Wednesday, April 8, 2009

mike

The Hounds of the Baskervilles are baying. I can hear them now. The wind is blowing from the west, carrying the sound of their barking from the doggie day care center in the former factory across the river. It’s a sound you rarely hear, except perhaps in a fox hunt scene in a movie. Mike, the black lab, ignores them. He doesn’t realize he’s a dog.

Monday, April 6, 2009

Sunshine Patriot

Elmer Fudd is a patriot. At least he thinks he is.

When he moved into the house next door, the engine of his pickup truck had barely cooled before he began to put up a flagpole in the front yard.

He wore a camouflage suit and a matching baseball cap and had a handgun strapped to his thigh in case he had to defend himself from one of the neighborhood kids tooling around on their bicycles.

He dug the hole himself and wielded his shovel like a weapon.

The flag now flies 24 hours a day rain and shine. Today it hangs limply in a wind driven rainstorm.

Apparently Elmer never learned the rules about paying proper respect to the flag. That would take effort.

The Morning Patrol

A Walk on the Mild Side
Like a mangy old coyote with more limp than swagger in his step, I begin most mornings by patrolling my territory.

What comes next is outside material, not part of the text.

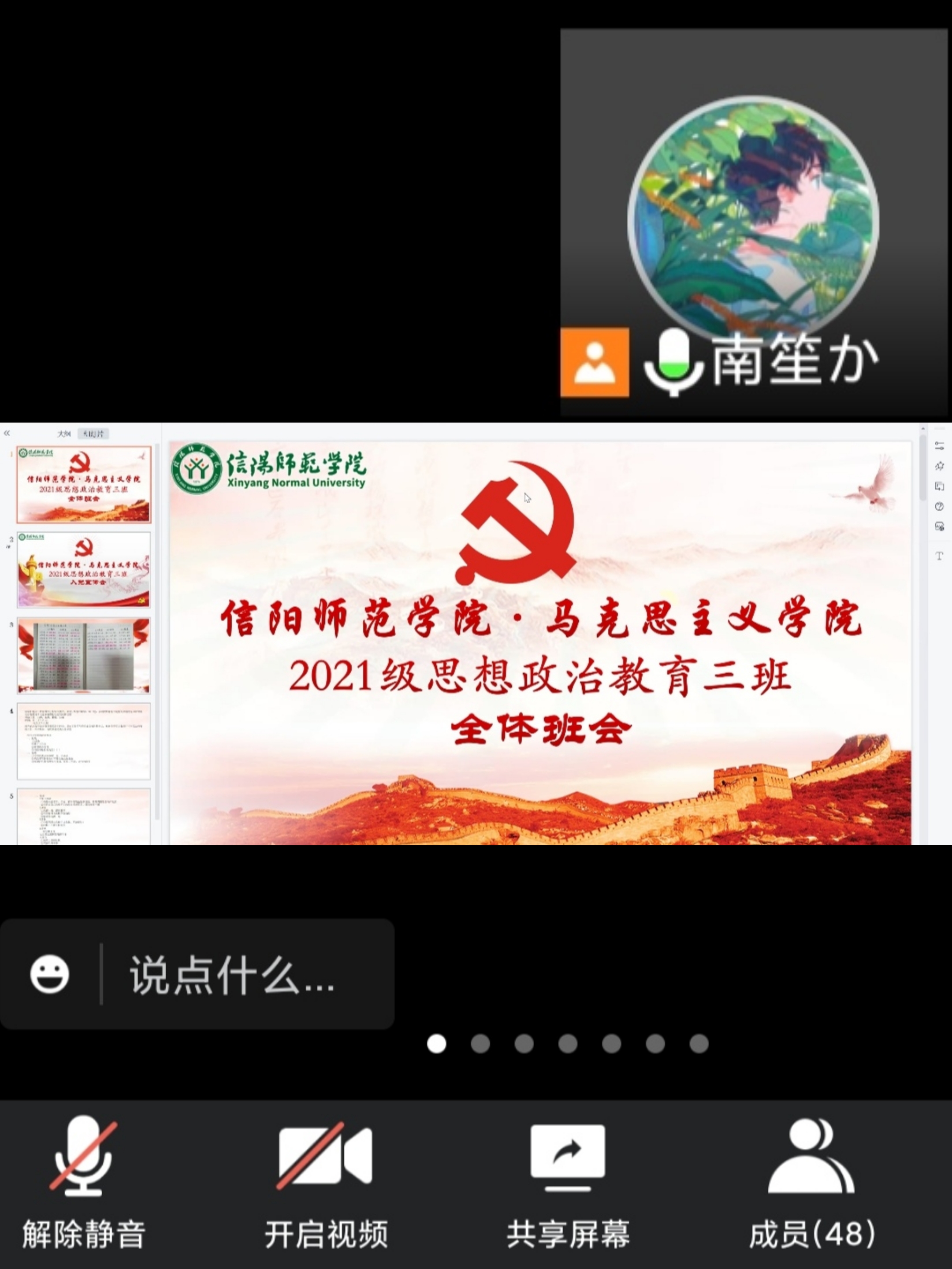 为增强同学们对入党的重视和调动同学们参与班务的积极性,10月14日晚上,77779193永利官网2021级思想政治教育三班入党宣传会暨全体班会在腾讯会议上顺利召开。77779193永利官网2021级思想政治教育三班全体同学共同参加,会议由团支书郭少华和副班长王岚霄主持。

I live on a pine ridge in a town I‘ll call Riverdale. My cottage sits on a corner overlooking a river. One street is named after the first European settler in the area. He made his farm on the corn fields of the Native Americans who had their summer encampment on the other side of the river where a milltown now darkens the horizon. The other street is named after the brothers, who operated a general where the ferry crossed the river.

One hundred and fifty years ago there were two general stores at the ferry landing. When a Republican was president the post office was in one store and when a Democrat was in power it moved across the street.The ferry was replaced by a trolley bridge and finally an automobile bridge that crosses the river into the mill town.

The general stores have been replaced by a chain convenience store and the gas station, where I buy the newspaper every morning.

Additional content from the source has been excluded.